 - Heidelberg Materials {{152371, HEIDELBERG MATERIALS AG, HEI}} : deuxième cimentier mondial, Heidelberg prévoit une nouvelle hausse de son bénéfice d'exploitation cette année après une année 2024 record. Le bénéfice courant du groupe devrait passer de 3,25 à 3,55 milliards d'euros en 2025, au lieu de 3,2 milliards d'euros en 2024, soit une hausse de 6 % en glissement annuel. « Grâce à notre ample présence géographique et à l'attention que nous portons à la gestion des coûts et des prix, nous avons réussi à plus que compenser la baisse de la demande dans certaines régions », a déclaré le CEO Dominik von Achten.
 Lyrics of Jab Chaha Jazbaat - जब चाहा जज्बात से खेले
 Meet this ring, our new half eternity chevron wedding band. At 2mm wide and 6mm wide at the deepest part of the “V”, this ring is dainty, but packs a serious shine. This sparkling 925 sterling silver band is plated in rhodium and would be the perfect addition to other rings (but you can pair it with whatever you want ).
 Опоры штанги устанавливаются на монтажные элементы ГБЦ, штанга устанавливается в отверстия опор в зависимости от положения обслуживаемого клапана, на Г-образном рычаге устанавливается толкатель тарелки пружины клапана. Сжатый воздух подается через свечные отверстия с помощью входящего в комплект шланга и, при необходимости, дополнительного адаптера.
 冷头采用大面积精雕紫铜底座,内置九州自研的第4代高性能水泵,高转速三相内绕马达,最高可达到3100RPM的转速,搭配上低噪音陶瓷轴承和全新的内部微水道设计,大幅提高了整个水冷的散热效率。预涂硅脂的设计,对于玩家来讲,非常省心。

* * *

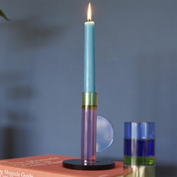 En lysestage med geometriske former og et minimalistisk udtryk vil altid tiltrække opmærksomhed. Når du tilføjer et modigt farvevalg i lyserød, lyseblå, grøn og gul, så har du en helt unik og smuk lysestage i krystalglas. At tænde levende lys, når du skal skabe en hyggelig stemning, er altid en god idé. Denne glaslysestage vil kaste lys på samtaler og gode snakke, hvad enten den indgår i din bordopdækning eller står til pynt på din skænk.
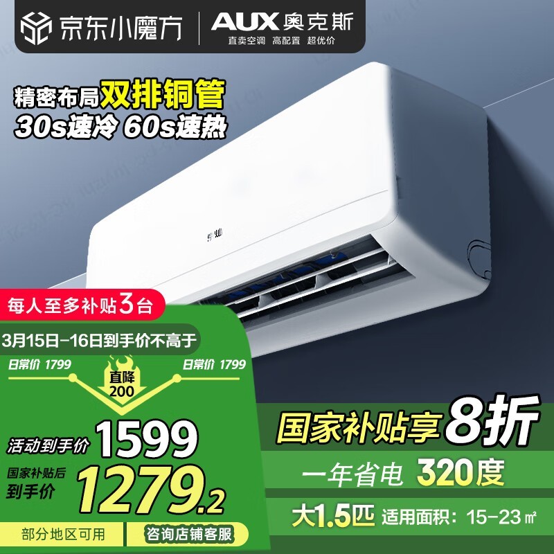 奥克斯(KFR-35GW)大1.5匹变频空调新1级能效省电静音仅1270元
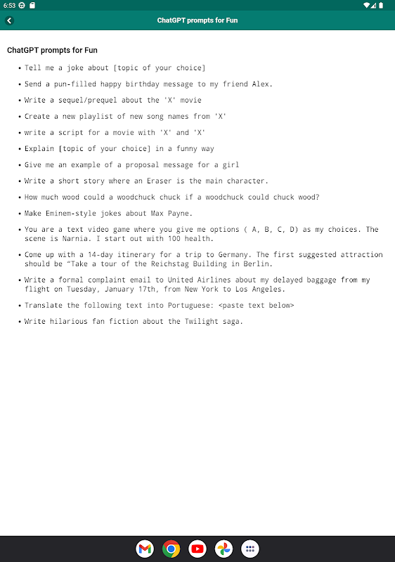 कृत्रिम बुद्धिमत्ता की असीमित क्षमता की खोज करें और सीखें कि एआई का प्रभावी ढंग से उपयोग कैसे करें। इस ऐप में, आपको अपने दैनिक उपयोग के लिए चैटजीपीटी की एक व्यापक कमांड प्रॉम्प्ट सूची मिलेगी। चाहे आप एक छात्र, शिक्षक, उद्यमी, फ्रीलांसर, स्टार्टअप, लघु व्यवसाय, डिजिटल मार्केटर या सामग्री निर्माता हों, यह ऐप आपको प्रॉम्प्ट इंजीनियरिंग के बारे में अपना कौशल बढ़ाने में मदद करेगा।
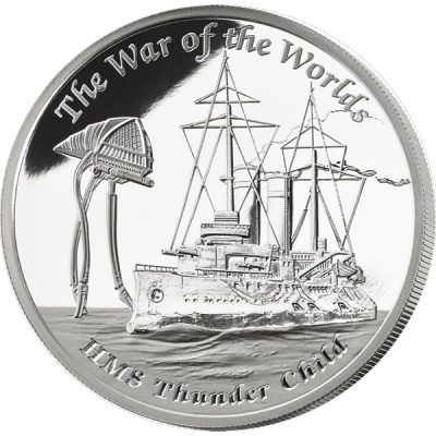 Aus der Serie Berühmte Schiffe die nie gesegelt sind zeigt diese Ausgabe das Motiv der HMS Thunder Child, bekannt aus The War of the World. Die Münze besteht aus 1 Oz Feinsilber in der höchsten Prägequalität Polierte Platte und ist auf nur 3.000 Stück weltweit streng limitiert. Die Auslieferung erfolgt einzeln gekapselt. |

## TASK TO COMPLETE
Copy exactly the material above from the line with "En lysestage med" to the line with "奥克斯(KFR-35GW)大1.5匹变频空调新1级能效省电静音仅1270元", ends included, and nothing else. Leave out any picture.

## SOLUTION FOR THIS TASK
 En lysestage med geometriske former og et minimalistisk udtryk vil altid tiltrække opmærksomhed. Når du tilføjer et modigt farvevalg i lyserød, lyseblå, grøn og gul, så har du en helt unik og smuk lysestage i krystalglas. At tænde levende lys, når du skal skabe en hyggelig stemning, er altid en god idé. Denne glaslysestage vil kaste lys på samtaler og gode snakke, hvad enten den indgår i din bordopdækning eller står til pynt på din skænk.
 奥克斯(KFR-35GW)大1.5匹变频空调新1级能效省电静音仅1270元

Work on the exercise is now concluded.